As expected, VNG Norge’s first operated project offshore Norway will involve a tieback of the Fenja (ex-Pil/Bue) field in the Norwegian Sea to the revamped Njord floating production platform. Facilities will include two subsea templates with six wells (three horizontal producers and three injectors)
Shell orders floater for Penguins
Shell, which has been a seller in the North Sea in recent years, has confirmed its commitment to the region by sanctioning re-development of the Penguins field, 150 mi (241 km) northeast of the Shetlands. This became necessary following the company’s decision to shut down the Brent field complex to the south: oil and gas from Penguins are currently processed via four subsea drill centers tied back to the Brent Charlie platform, which is close to ceasing production.
Fluor’s division in Manila, which previously delivered the facilities for Shell’s Malampaya Phase 3 project offshore the Philippines, will engineer and fabricate a circular Sevan 400 FPSO with a production capacity of 45,000 boe/d and storage for up to 400,000 bbl of oil. The pre-commissioned floater will also be designed to operate continuously at Penguins without the need for dry docking. Produced oil will be offloaded to a tanker, with the gas exported via a tie-in to the North Sea FLAGS pipeline. Additionally, Shell plans to drill eight new wells, tied back to the FPSO. The company and partner ExxonMobil each have a 50% interest in the project.
According to Wood Mackenzie, the 80-MMbboe project is the largest in the UK North Sea since Maersk Oil’s Culzean in 2015.

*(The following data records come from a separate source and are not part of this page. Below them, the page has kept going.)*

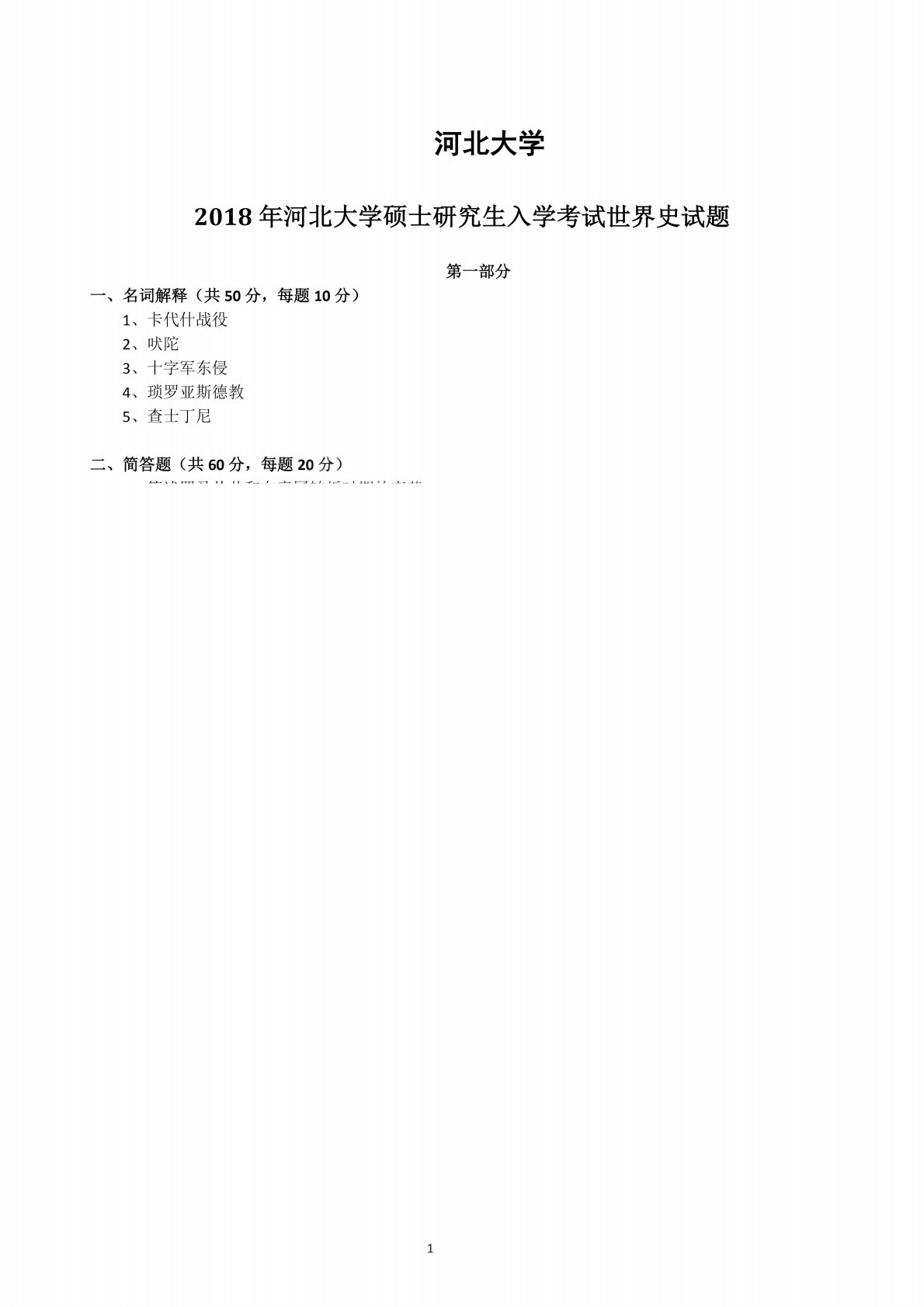 河北大学313历史学专业基础2018年世界史考研真题
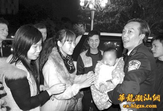 本报讯 心肝宝贝,你终于平安‘回家’了!”5日晚上7时多,金平公安分局大门口站着一对不时翘首张望的夫妻,当一辆闪烁着警灯的警车驶近前车门打开的瞬间,夫妻抢步上前,从车内民警手里接抱过一名男童,亲人团聚的温馨镜头也感动了在场的民警和媒体记者!至此,1月30日中午在岐山街道中宫社区篮球场被拐走的20个月大的男童小楷瑞(本报2月1日曾做报道),在2月5日下午终被金平警方在陆丰碣石镇安全解救,并第一时间送回了汕头亲人身边……
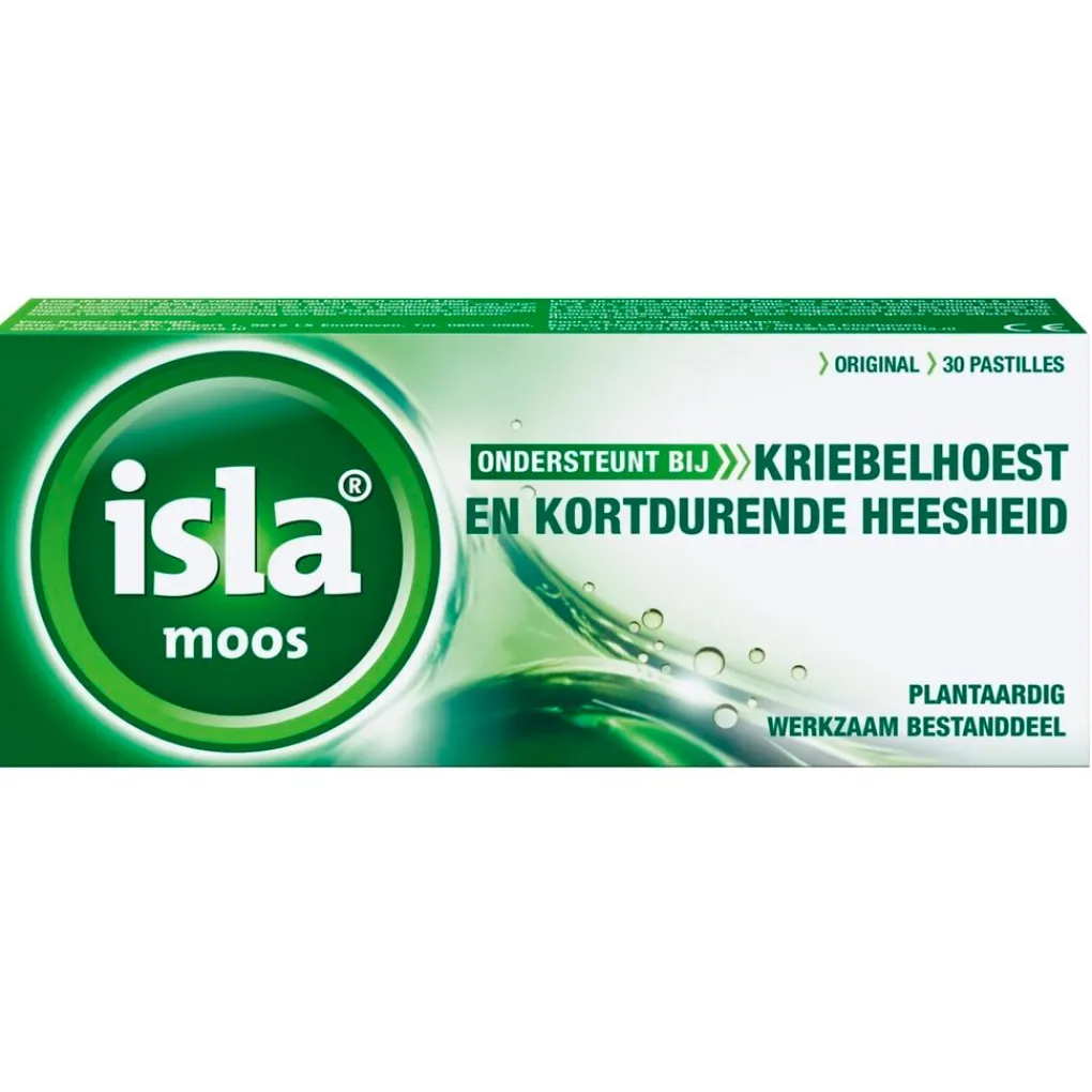 Isla Moos Pastilles ondersteunen bij kriebelhoest en kortdurende heesheid. Ze zijn ook te gebruiken bij belasting van de stem door veelvuldig gebruik (zangers, sprekers, docenten, et cetera.) of een droge lucht (airco/verwarming).
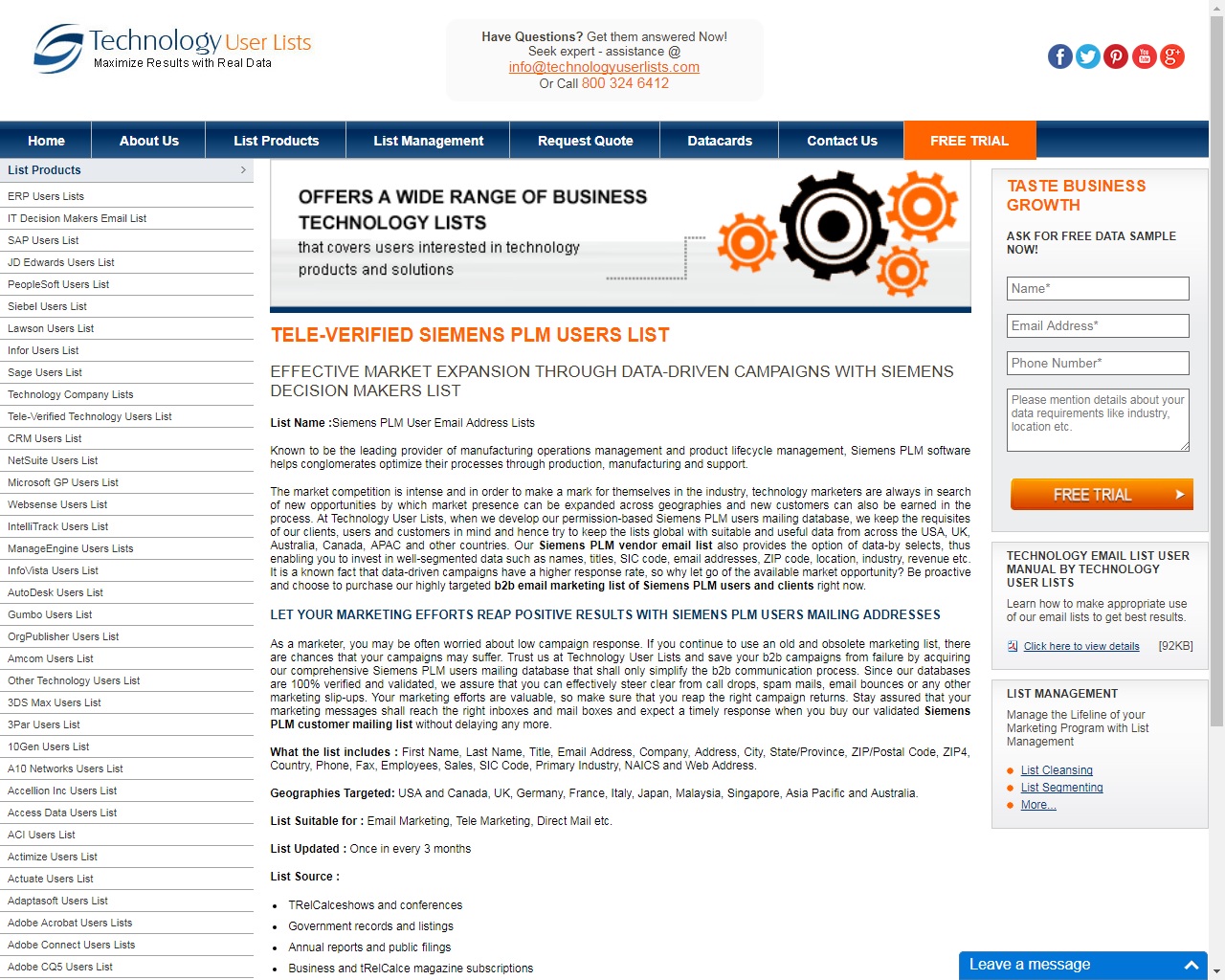 As a global mailing lists provider, Technology User Lists can empower marketers with highly targeted & authentic Siemens PLM user data that can shorten sales cycles while maximizing lead capture, thereby accelerating business revenues. Powered by high deliverability feature, let our opt-in B2B lists help you achieve high ROI & foster brand relationships with customers & prospects through personalized multi-channel marketing campaigns.

Another construction program heading to the Far East is Maersk Oil & Gas’ Tyra redevelopment in the Danish North Sea. McDermott International won the contract to provide engineering, procurement and construction of new topsides for seven of the fields’ platforms, plus connecting bridges, a flare, and six new module support frames (MSFs). Redevelopment is needed because of progressive seabed subsidence: the existing topsides will be removed by Heerema Marine Contractors, with the new MSFs placed (by the same company) on top of the jackets to support the new topside sets: this measure will effectively raise the platforms by 42 ft (13 m).
According to Wood Mackenzie, the 80-MMbboe Penguins project is the largest in the UK North Sea since Maersk Oil’s Culzean in 2015. The analyst foresees potentially up to 13 more UK field developments going forward this year with combined reserves of around 500MMboe, all coming onstream by 2021. As for UK offshore exploration, there could be five wells west of Shetland this year, WoodMac, claimed, and a Nexen-operated well on the HP/HT Glengorm prospect in the central UK North Sea.
Statoil to monitor Sverdrup reservoir changes
Statoil plans permanent reservoir monitoring of the Johan Sverdrup field in the North Sea from the start of production – a first offshore Norway, the company claimed. And the 380 km-network (236 mi) of fiber optic seismic cables on the sea floor and over 6,500 embedded acoustic sensors above the field will be the most extensive system of its type anywhere, the company added. Alcatel Submarine Networks will supply and install the equipment under a frame agreement that could include extending seismic coverage over the field’s southern extent.
The sensors should provide sharper seismic images of changes in the reservoir as production progresses, assisting placement of future wells and water/gas injection requirements. The field has an anticipated lifespan of over 50 years.